Hesitance of artists
Ahmed believed that it is necessary to focus on expanding artists’ acceptance of e-songs, especially amongst the older generation which is still not entirely convinced that online music can be as good in terms of quality as the one they listen to on CDs; while also working on convincing new bands and artists that the internet is a great inexpensive channel and "online presence is a must because things are changing."
Lack of data
Muntasser long talked about this challenge which he considered the basis of the problem of the digital music industry because "you need the data of songs in order to classify them." He added that while Dozzan classified 110,000 songs over the past seven years, there is still a lot to do.
Muntasser is not only referring to songs’ public data, but to everything related to them. He realizes that this task requires hard work, pushing a lot of global platforms such as Echonest, Rovi, and Gracenote, even Arab platforms not to do it because it is not profitable in the short term. They instead resort to fingerprinting which allows identifying songs and gathering little public information about them. Only Pandora adopted data collection (one million songs so far). Moreover, Muntasser believed that data collection helps solve another problem, namely meeting users’ needs and preferences.
Muntasser added that everyone wants a playlist that fits their mood, or one that allows them to discover new talent and music.
He believes "this would only be possible if you have data, because the latter is the DNA of music." He added that users will not use or resort to an application again unless they find on it new songs and music that they like.
He then offered a solution, not dissimilar to Spotify, "Songs should be matched with one another so as to save the user from the trouble of searching. If a user is listening to a song, he definitely does not want to come back to the application or stop what he is doing in order to change the song or select another one."
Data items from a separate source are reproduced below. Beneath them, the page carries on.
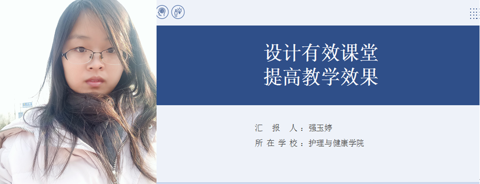 护理与健康学院的强玉婷老师,从设计有效课堂,提高教学效果进行了汇报。提出要优化课前准备,课中采取合适的教学方法,课后反思自己与学生的教与学,并设计有效的改进方案。
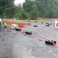 Dávám mu vercajk, zanadává a už se na to vrhá. Stan máme hotov během okamžiku – sousedi sami od sebe naběhli a pomohli nám to postavit. Teď se máme všichni kam schovat před lehkým deštěm. Lidi se fakt chodili i ptát, co že to je ten Fortelock co je napsaný na stanu a jestli jsou ty dlaždice pěnovka. Říkám že né, že to je na podlahu třeba do garáže. Ptaj se na posilku a říkám že to taky, že tomu nevadí, když na to spadne činka. Čento zatlačíme pod střechu. Mám sehnat vrták. Člověk fakt aby vozil celou dílnu. Na třetí zeptání mám vrták v ruce a Pawel provrtává podlahu. Zanedlouho už je skrz bohový dlouhý šroub s velkou podložkou a sedák je přišroubován přímo k podlaze. Odchytíme komisaře co je poblíž. Telefonuje tomu borcovi co byl na BK. Dělá to napínavé. Není tam totiž vložena žádná destička pro vystužení. Ta podlaha je samozřejmě měkká. Chvíli se domlouvají a nakonec, že pro tentokrát OK a že na další start to máme zrobit pořádně. Ufff!
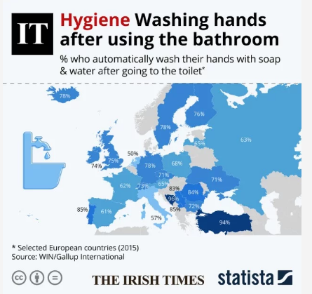 No, čini se da se te higijenske navike ne pridržavaju bas svi Evropljani. Studija Gallup Internationala iz 2015. godine, suprotno očekivanjima, pokazala je kako se ruke manje peru u razvijenijim sredinama.
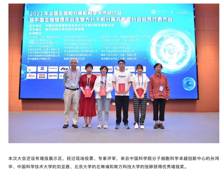 2021/04/12 恭喜左琳彧(右二)的墙报Single-molecule imaging of FET fusion oncoproteins loci-specific condensates在2021年全国生物相分离和相变学术研讨会中获得优秀墙报奖。
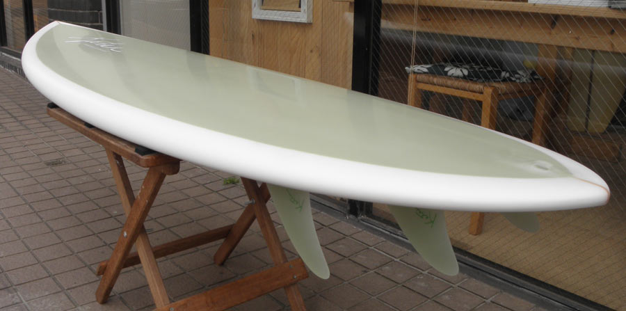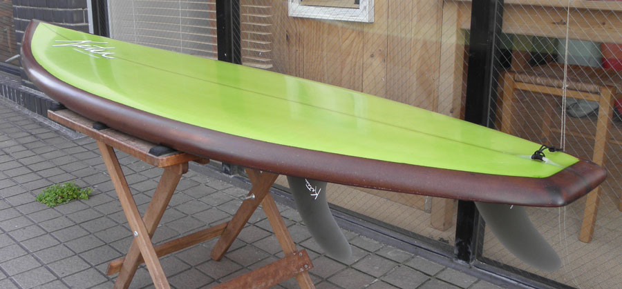 このホットマンゴーは50歳を越えたロングボーダーがリーフの優しい波でも走って楽しめるよう、レングスは長めに幅は広めにとってシェイプしました。
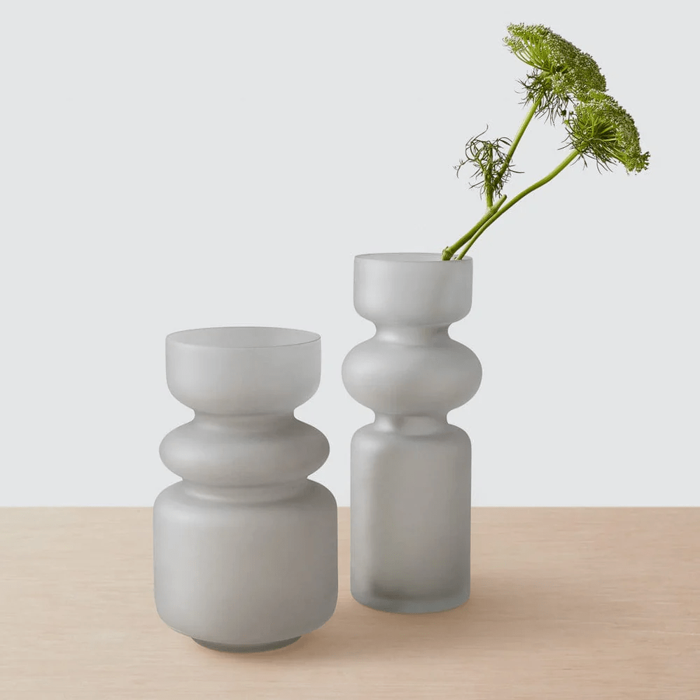 Soft curves. Timeless style. These sculptural glass vases can be styled as a modern addition to your mantlepiece or as a functional bit of tabletop decor any season.

However, according to Muntasser, the problem is that trying to match songs on most Arab platforms often gives very bad results. For example, if you are listening to a song by Nancy Ajram, there’s a high chance you might get a different style of song from George Wassouf or Ahmad Alawiyyaah after it!"
He added that "companies today focus on reaping profits, and not on collecting data, but they do not realize that they will only reap profits if users are satisfied."
Lack of artistic and technical talent
Before delving into this topic, it’s noteworthy that Bekheet considered that Arabic content is rare compared to content in other countries such as India, South Korea, or the United States. He explained that by saying, "Artists here release an album every one to three years. Abroad, singers release an album every year and shoot five music videos at least. Consequently, they have diversified content, which contributes to the supply and demand, unlike in the Arab world."
He added that another problem lies in applications: "Most developers are not academically qualified to be creative. To be honest, when I go to the Silicon Valley, I sensed a different mindset in technological development; creativity in our region is very weak and we only imitate what works abroad." He concluded by saying that accessing talent, in spite of competitions and events, is still difficult and we need to guide the ecosystem in order to develop the technical sector.”